Then my phone buzzed.
I glanced down and saw Miriam’s name.
My stomach tightened before I even opened the message.
“Come to our reunion. All our friends will be there, and even your ex, Mark, now my fiancé. We’re really looking forward to seeing you. XOXO, Miriam.”
Just like that, I was seventeen again.
I sat down hard in the empty classroom and read the message three times.
The words stayed the same.
Miriam had been my bully in high school. She mocked my thrift-store sweaters, my library books, my quiet answers, and the way I tried too hard to disappear.
She called me “Miss Perfect” until people stopped using my real name.
Years later, she found my ex-husband, Mark, and handed him a new version of me.
Cold.
Judgmental.
Difficult.
Impossible to love.
And Mark believed her.
By the time I realized what was happening, my marriage already had Miriam’s voice living inside it.
For two weeks, I stared at that reunion invitation every night.
My friend Claire found me in my office one afternoon, sitting in front of the same message.
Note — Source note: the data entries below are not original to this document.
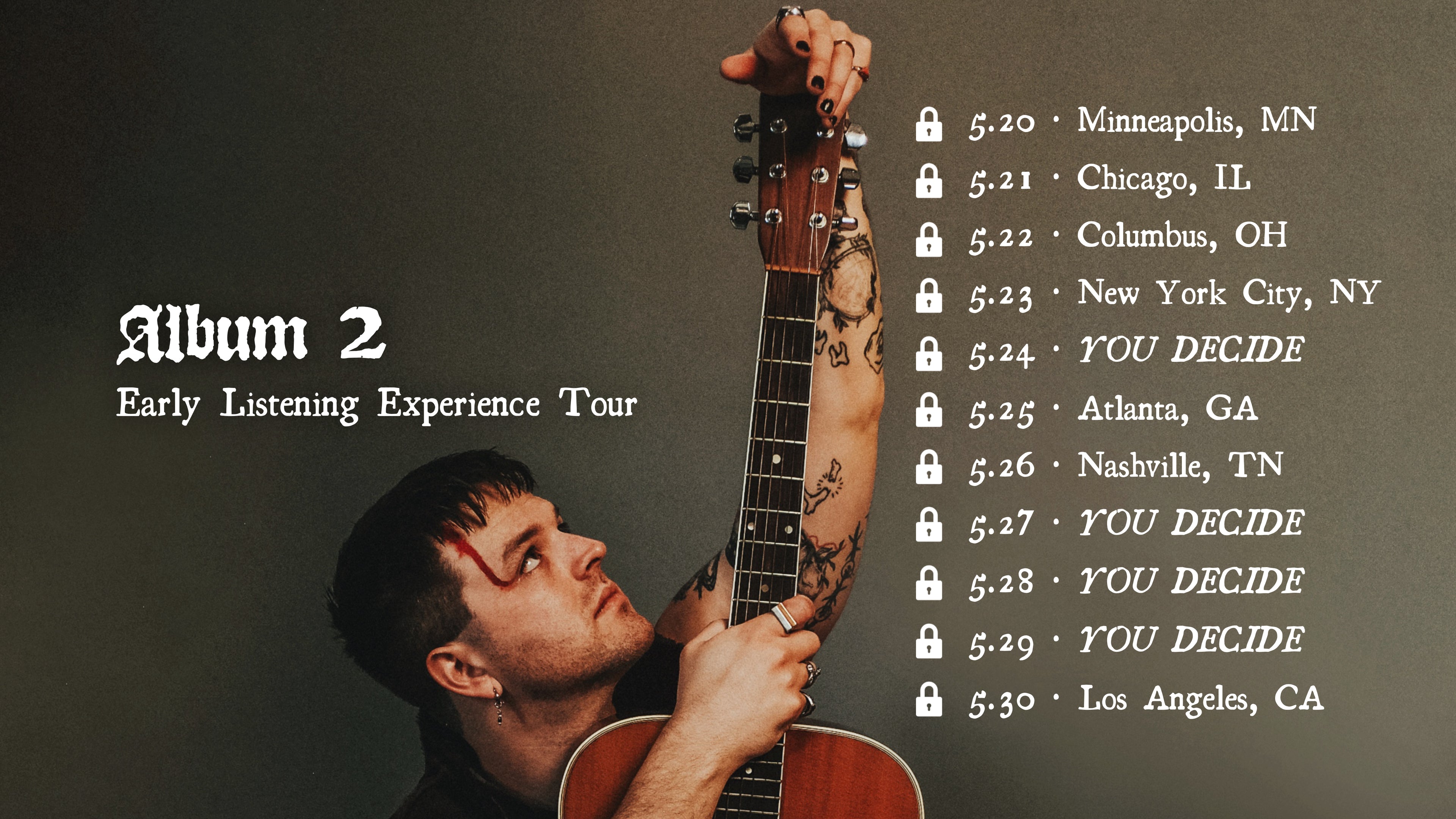 All new Album 2 merch will be available including signed vinyl, CDs, and more. There will be a Q&A following the listen-through as well as a short unplugged acoustic performance and a special surprise.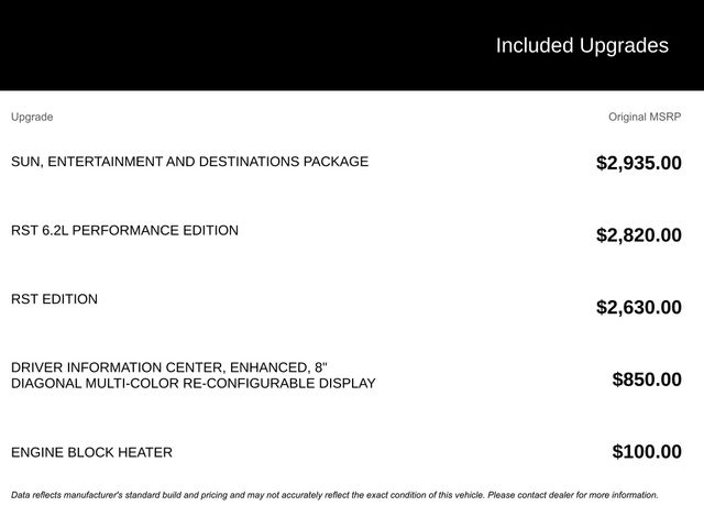 Prices do not include additional fees and costs of closing, including government fees and taxes, any finance charges, any dealer documentation fees, any emissions testing fees or other fees. All prices, specifications and availability subject to change without notice. Contact dealer for most current information. Prices are valid thru the close of business, today only.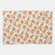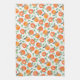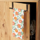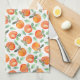 A sweet peach with green leaves pattern kitchen towel design set on a white background.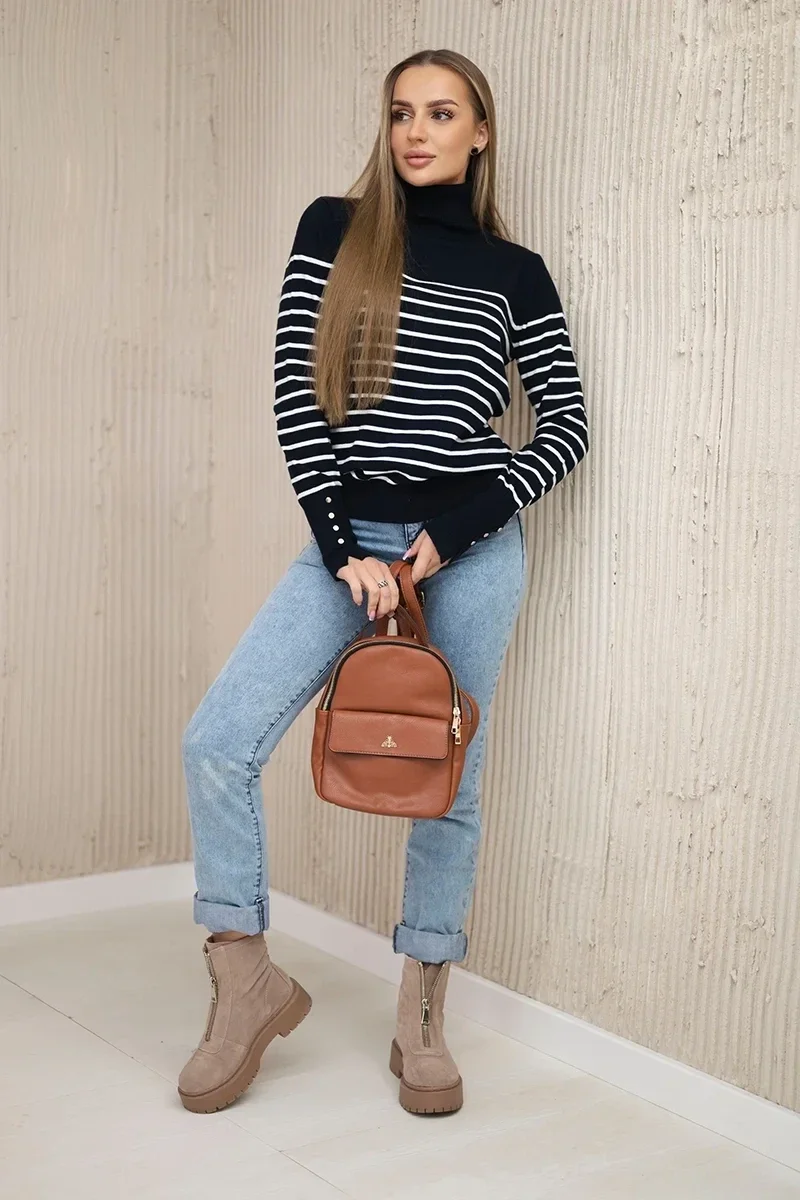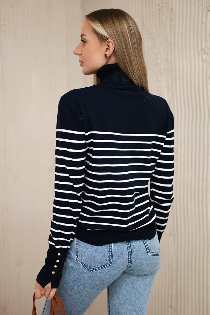 Sweter z golfem w paski granatowy

After reading it, she said, “Delete it.”
“I can’t.”
“Yes, you can. You’re not going.”
“If I don’t go, Miriam will tell everyone I was too scared to show my face.”
“So let her talk.”
I looked up at Claire.
“That’s the problem. I always did.”
Her expression softened.
“Then don’t go alone.”
That night, I opened my laptop and did something I never imagined I would do.
I hired an actor to be my plus-one.
Not a boyfriend.
Not an escort.
An actor, through a legitimate agency, for one social event.
I didn’t need romance.
I needed one person beside me who hadn’t already been handed Miriam’s version of who I was.
His name was Norton.
We met two days before the reunion in a small coffee shop near campus.
He walked in wearing a gray blazer, looking so polished and handsome that I briefly considered escaping through the back door.
“You’re Daphne?” he asked.
“Unfortunately.”
His mouth curved slightly.
“That bad?”
“I’m hiring a stranger to help me survive a high school reunion,” I said. “What do you think?”
“Fair.”
He sat across from me and opened a small notebook.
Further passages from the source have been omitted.